Work order | In the data below, find the line containing "Chateau Tour des" and the line containing "Парящая кухня выполнена", then reproduce them and every line between, exactly. Omit pictures.

Exercise material |
____________________

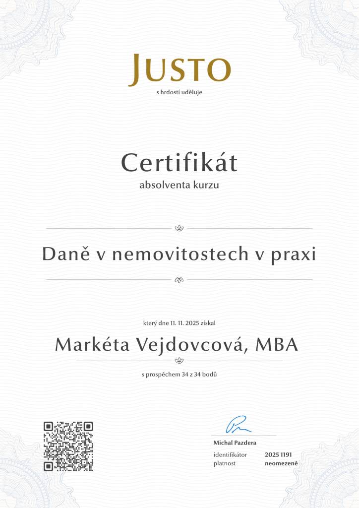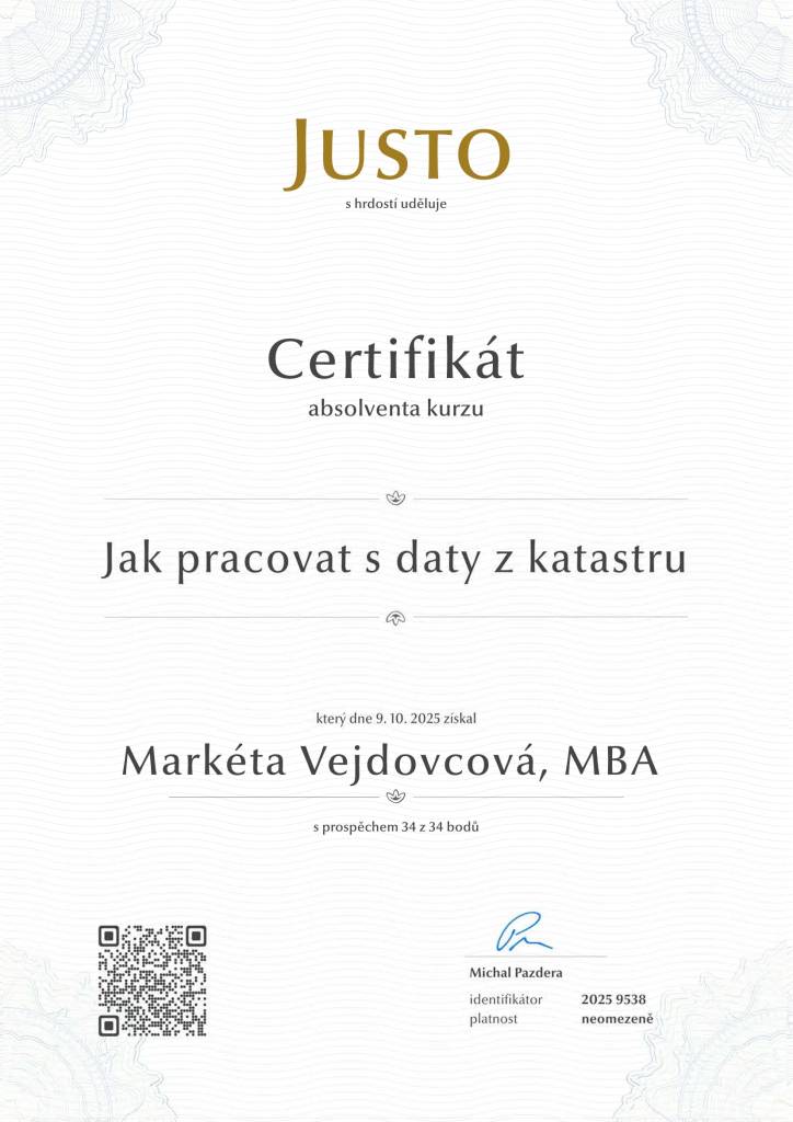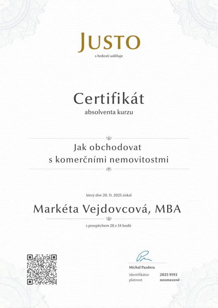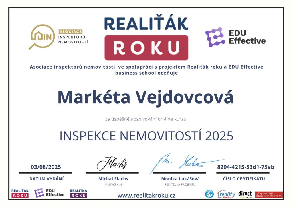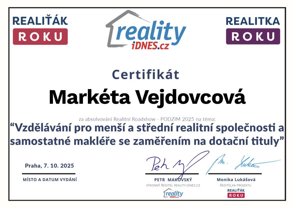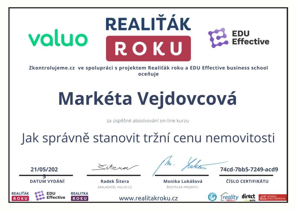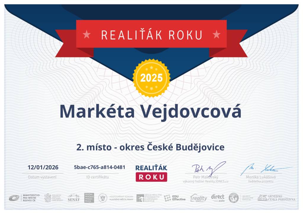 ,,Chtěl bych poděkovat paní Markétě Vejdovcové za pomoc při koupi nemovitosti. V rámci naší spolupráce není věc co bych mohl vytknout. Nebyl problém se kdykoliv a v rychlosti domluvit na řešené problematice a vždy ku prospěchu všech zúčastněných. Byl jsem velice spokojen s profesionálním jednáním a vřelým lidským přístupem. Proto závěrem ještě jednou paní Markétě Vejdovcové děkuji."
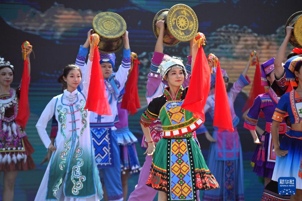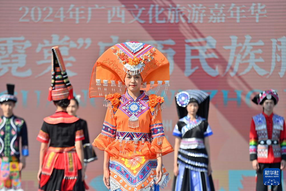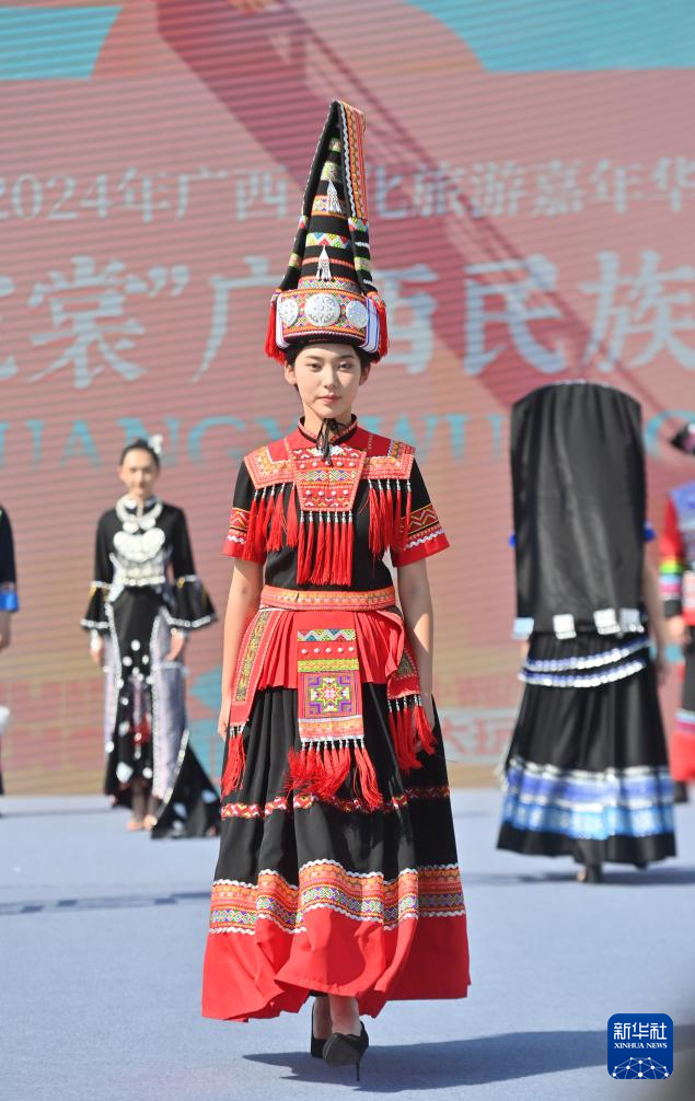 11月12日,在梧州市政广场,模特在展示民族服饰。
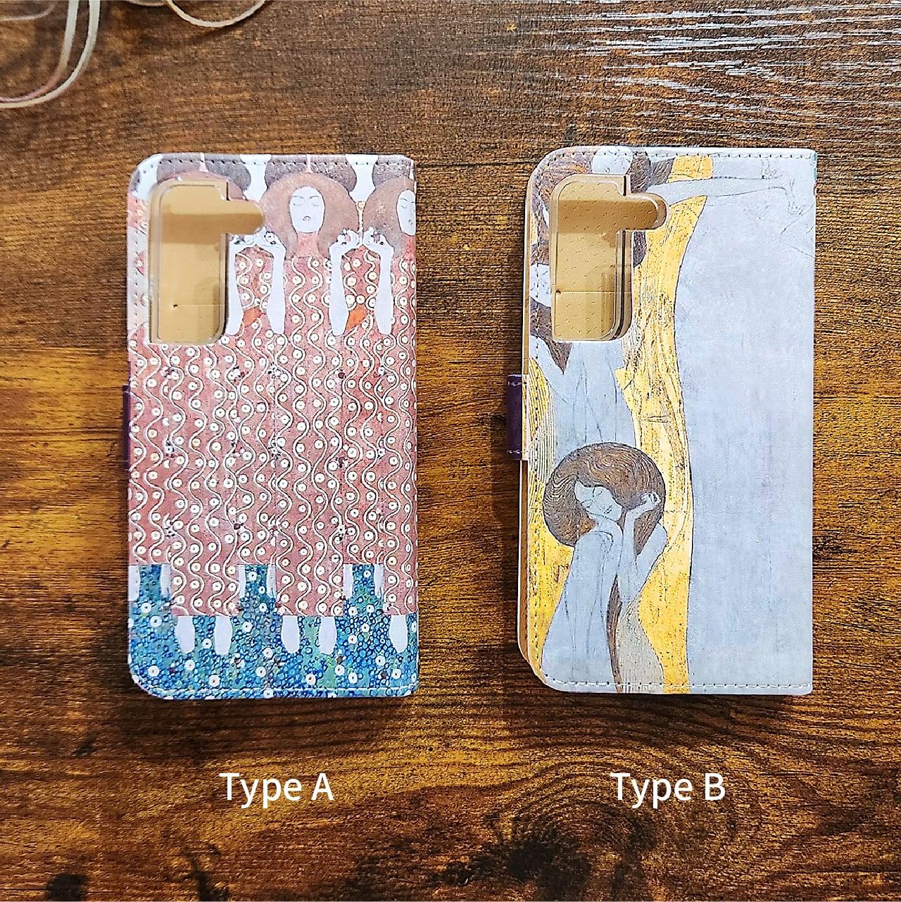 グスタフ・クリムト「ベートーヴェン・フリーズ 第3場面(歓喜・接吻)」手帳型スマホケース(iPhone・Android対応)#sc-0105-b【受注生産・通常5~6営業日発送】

____________________

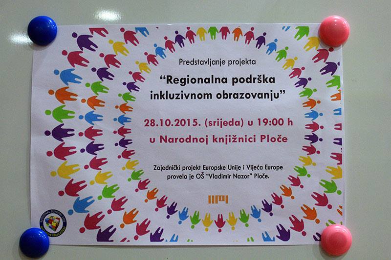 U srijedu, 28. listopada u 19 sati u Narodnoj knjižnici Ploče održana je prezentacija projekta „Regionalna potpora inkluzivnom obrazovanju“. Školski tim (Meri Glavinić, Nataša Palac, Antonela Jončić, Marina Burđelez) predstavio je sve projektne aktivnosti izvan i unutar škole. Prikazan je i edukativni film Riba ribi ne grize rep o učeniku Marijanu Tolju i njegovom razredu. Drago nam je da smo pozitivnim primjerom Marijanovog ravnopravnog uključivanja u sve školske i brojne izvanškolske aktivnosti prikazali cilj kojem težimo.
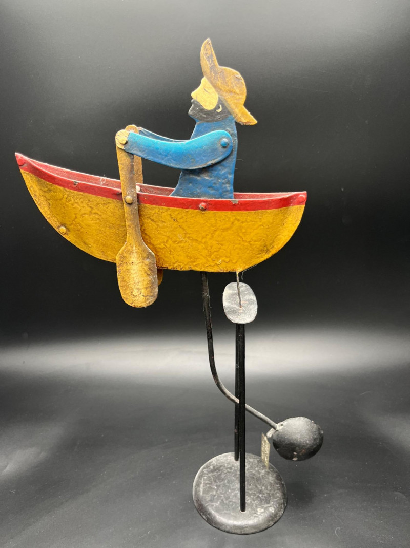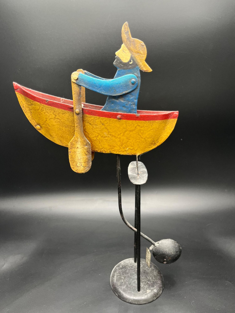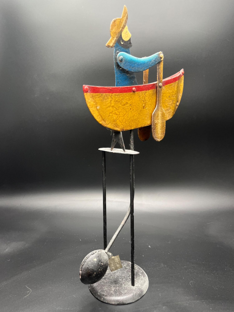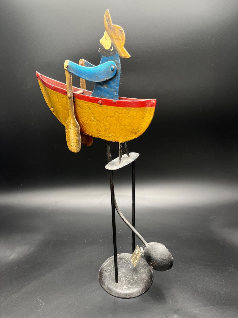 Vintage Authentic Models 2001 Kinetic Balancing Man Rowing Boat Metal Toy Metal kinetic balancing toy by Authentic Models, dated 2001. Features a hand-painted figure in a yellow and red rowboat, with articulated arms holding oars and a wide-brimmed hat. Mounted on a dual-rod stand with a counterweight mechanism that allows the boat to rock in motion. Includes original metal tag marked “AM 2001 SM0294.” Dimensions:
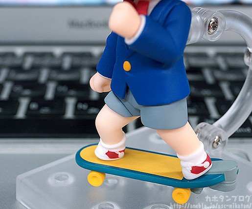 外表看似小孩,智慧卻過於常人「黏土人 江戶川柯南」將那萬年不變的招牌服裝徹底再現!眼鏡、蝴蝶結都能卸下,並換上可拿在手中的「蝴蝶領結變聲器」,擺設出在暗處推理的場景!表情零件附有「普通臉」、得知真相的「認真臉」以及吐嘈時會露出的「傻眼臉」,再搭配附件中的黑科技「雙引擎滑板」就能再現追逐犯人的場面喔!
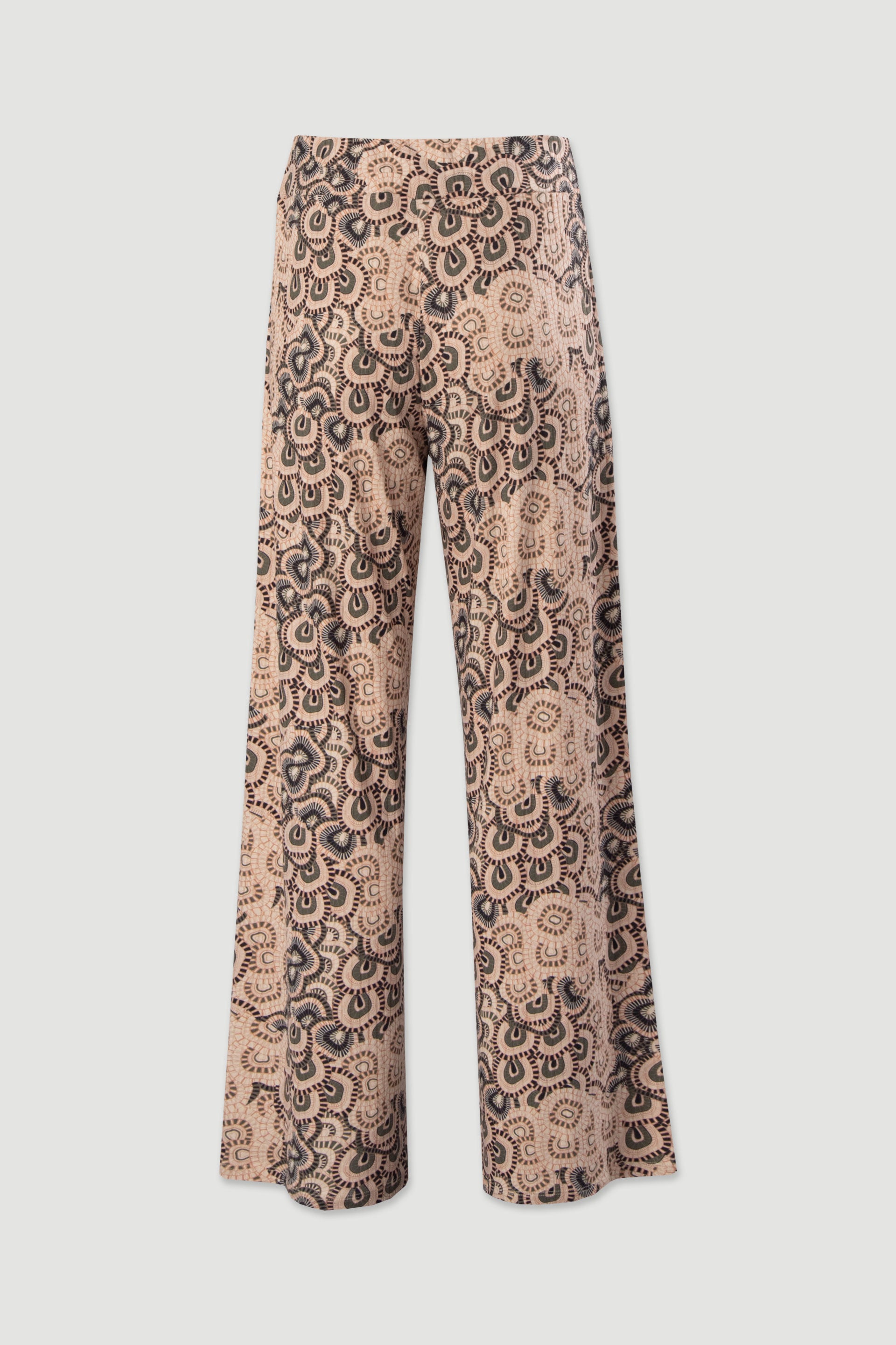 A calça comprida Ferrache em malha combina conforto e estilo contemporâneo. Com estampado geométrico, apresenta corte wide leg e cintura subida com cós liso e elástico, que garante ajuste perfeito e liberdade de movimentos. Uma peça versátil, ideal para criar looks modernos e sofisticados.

____________________

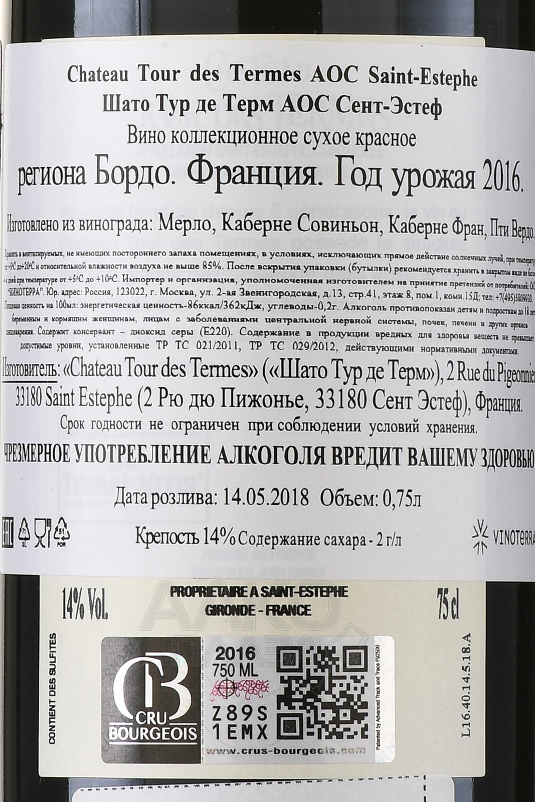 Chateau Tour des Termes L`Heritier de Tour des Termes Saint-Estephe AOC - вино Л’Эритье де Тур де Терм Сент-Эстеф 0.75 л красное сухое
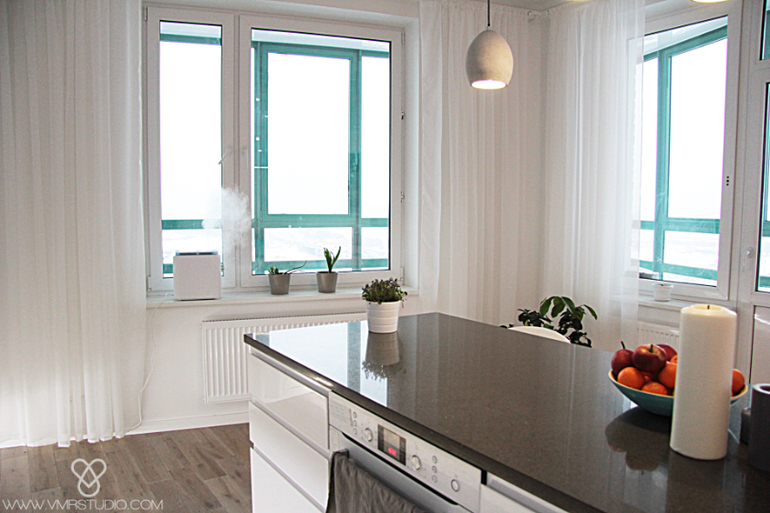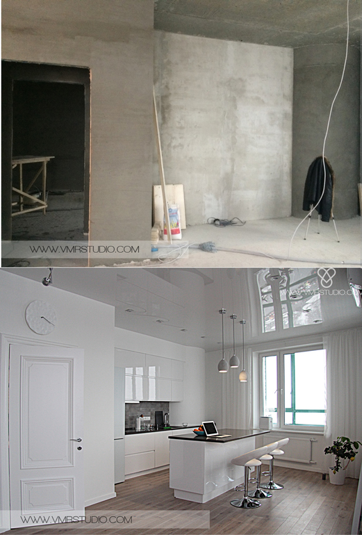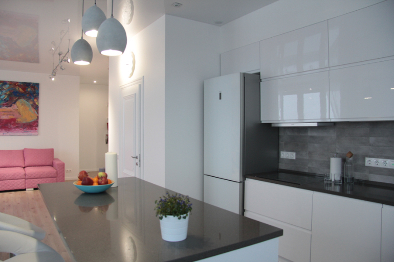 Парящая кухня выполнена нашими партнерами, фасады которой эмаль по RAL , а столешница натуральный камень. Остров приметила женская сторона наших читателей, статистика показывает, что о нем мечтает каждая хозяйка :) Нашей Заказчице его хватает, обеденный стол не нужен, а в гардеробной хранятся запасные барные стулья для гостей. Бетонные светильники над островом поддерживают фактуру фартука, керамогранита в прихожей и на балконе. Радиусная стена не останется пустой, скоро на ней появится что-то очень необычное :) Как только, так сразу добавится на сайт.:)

____________________

Final answer |
 Chateau Tour des Termes L`Heritier de Tour des Termes Saint-Estephe AOC - вино Л’Эритье де Тур де Терм Сент-Эстеф 0.75 л красное сухое
 Парящая кухня выполнена нашими партнерами, фасады которой эмаль по RAL , а столешница натуральный камень. Остров приметила женская сторона наших читателей, статистика показывает, что о нем мечтает каждая хозяйка :) Нашей Заказчице его хватает, обеденный стол не нужен, а в гардеробной хранятся запасные барные стулья для гостей. Бетонные светильники над островом поддерживают фактуру фартука, керамогранита в прихожей и на балконе. Радиусная стена не останется пустой, скоро на ней появится что-то очень необычное :) Как только, так сразу добавится на сайт.:)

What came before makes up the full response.